*** SOURCE MATERIAL Section Begins ***
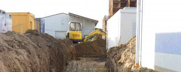Die Rohbauarbeiten für die Energiespeicheranlage sind in vollem Gange.
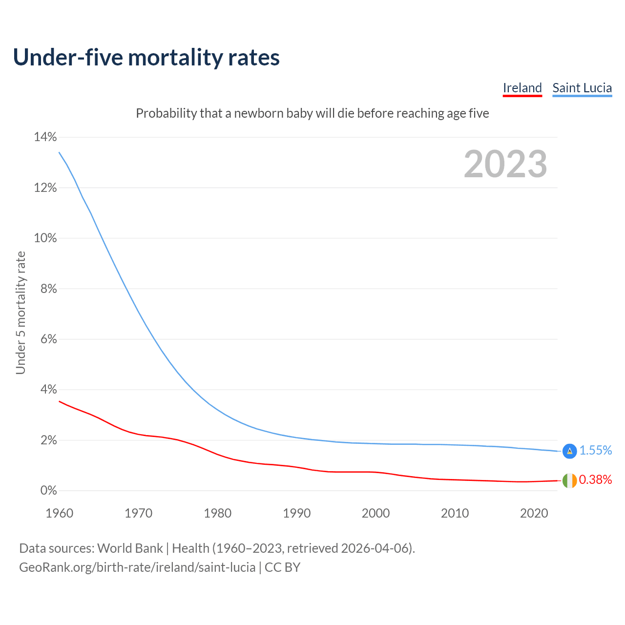 The chance that a newborn baby will die before reaching age five is 0.38% in Ireland and 1.55% in Saint Lucia. Above is a chart with historical data on under-five mortality rates.
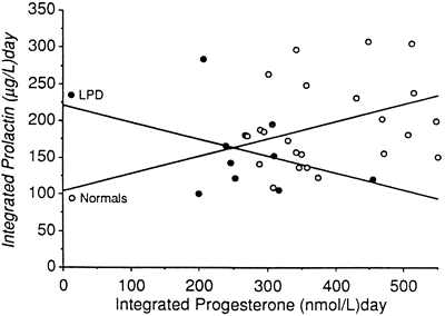 Hyperprolactinemia Prolactin is a single-chain polypeptide hormone 198 amino acids in length that circulates in multiple isoforms with varying bioactivity. It is secreted mainly from the anterior pituitary in a pulsatile fashion under tonic inhibition by hypothalamic dopamine. It also is secreted by the placenta and uterine decidua and is thought to play a role in steroidogenesis by luteinized granulosa cells. A landmark study by McNatty and colleagues in 197490 looked at the effects of prolactin on the ability of cultured luteal cells to produce progesterone. They found that neutralization of prolactin in the culture medium with a specific antibody or addition of prolactin over a threshold level led to diminished daily progesterone production in vitro. Further in vivo evidence for modulation of progesterone secretion by prolactin in normal women came from studies of induced mild hyperprolactinemia, in which luteal phase serum levels of progesterone were reduced.21,22 A separate investigation of normal women found decreased luteal progesterone secretion when prolactin levels were decreased to below normal with a dopamine agonist.91 Whether the latter effect was due to direct effects of dopamine on prolactin secretion or on the GnRH pulse generator is unclear, but it was not unexpected given the importance of prolactin for activation of the 3β-hydroxysteroid dehydrogenase enzyme in the ovary.92 Collectively, these studies of normal women with induced changes in prolactin levels support the earlier modulation of corpus luteum steroidogenesis by prolactin as suggested by McNatty and colleagues.90 It seems that optimal corpus luteum function as determined by progesterone secretion depends on a certain level of prolactin, and a change (either increased or decreased) in prolactin leads to decreased levels of progesterone. Evidence for prolactin’s role as a modulating factor in corpus luteum function has emerged from several studies of women with LPD. Huang and associates23 studied 151 women with out-of-phase endometrial biopsy specimens by measuring serum prolactin levels for 3 to 4 days in the periovulatory period. They found that 33 subjects (22%) had transient elevation in prolactin to greater than 20 ng/mL. They also noted decreased pooled progesterone levels in the mid luteal phase in the transiently hyperprolactinemic women compared with controls. Scaglia and colleagues93 reported nocturnal elevation of prolactin in six women with LPD diagnosed by histologic and serum criteria, four of whom had normal daytime levels of prolactin. Aisaka and coworkers94 found the incidence of transient hyperprolactinemia to be 62.2% in 201 cases of LPD diagnosed by a combination of basal body temperature (BBT) and serum progesterone criteria in their clinic population. In addition to the transient elevations described previously, sustained hyperprolactinemia may contribute directly to decreased luteal progesterone production. Del Pozo and colleagues24 studied eight women with galactorrhea or hyperprolactinemia with short luteal phases and found integrated luteal progesterone values greater than 2 SDs below control values. These findings corroborate the theory proposed by Bahamondes and associates95 that LPD is part of the natural sequence of events between normal ovulatory cycles and amenorrhea that occurs in women with progressive hyperprolactinemia. Part of the difficulty in interpreting the causal influence of hyperprolactinemia on luteal function is the normal variability of serum prolactin levels. Fujimoto and coworkers96 showed a circadian pattern of prolactin secretion with a definite nocturnal rise in normal women. In addition, secretory prolactin peaks approaching the threshold of normal values (20 ng/mL) regularly appeared in the ovulatory and late luteal periods in their study. Prolactin levels were above normal 20% of the time when drawn between 8 and 10 a.m. in the 28 normal women studied. A single measurement is of limited value when assessing prolactin secretion as it relates to luteal sufficiency. As an example of the confusion generated with single serum samples, a study by Vanrell and Balasch97 in which prolactin was measured in a single luteal phase blood sample showed a decreased occurrence of abnormal endometrial biopsy specimens for hyperprolactinemic women compared with euprolactinemic subjects. In a further attempt to clarify prolactin’s role in LPD, Soules and associates98 conducted a study of 18 women with histologically diagnosed LPD in which daily blood samples were drawn. They found no correlation between luteal phase integrated progesterone and integrated prolactin levels, and they did not find any differences in the nocturnal prolactin secretion patterns compared with 36 normal control women (Figs. 13 and 14). It would seem that LPD is a common disorder in infertile women with hyperprolactinemia, but the converse is not necessarily true.
*** SOURCE MATERIAL Section Ends ***
Repeat exactly and only the lines from the start of the data above through the line that holds "The chance that", inclusive. Pictures do not belong in the copy.

Die Rohbauarbeiten für die Energiespeicheranlage sind in vollem Gange.
 The chance that a newborn baby will die before reaching age five is 0.38% in Ireland and 1.55% in Saint Lucia. Above is a chart with historical data on under-five mortality rates.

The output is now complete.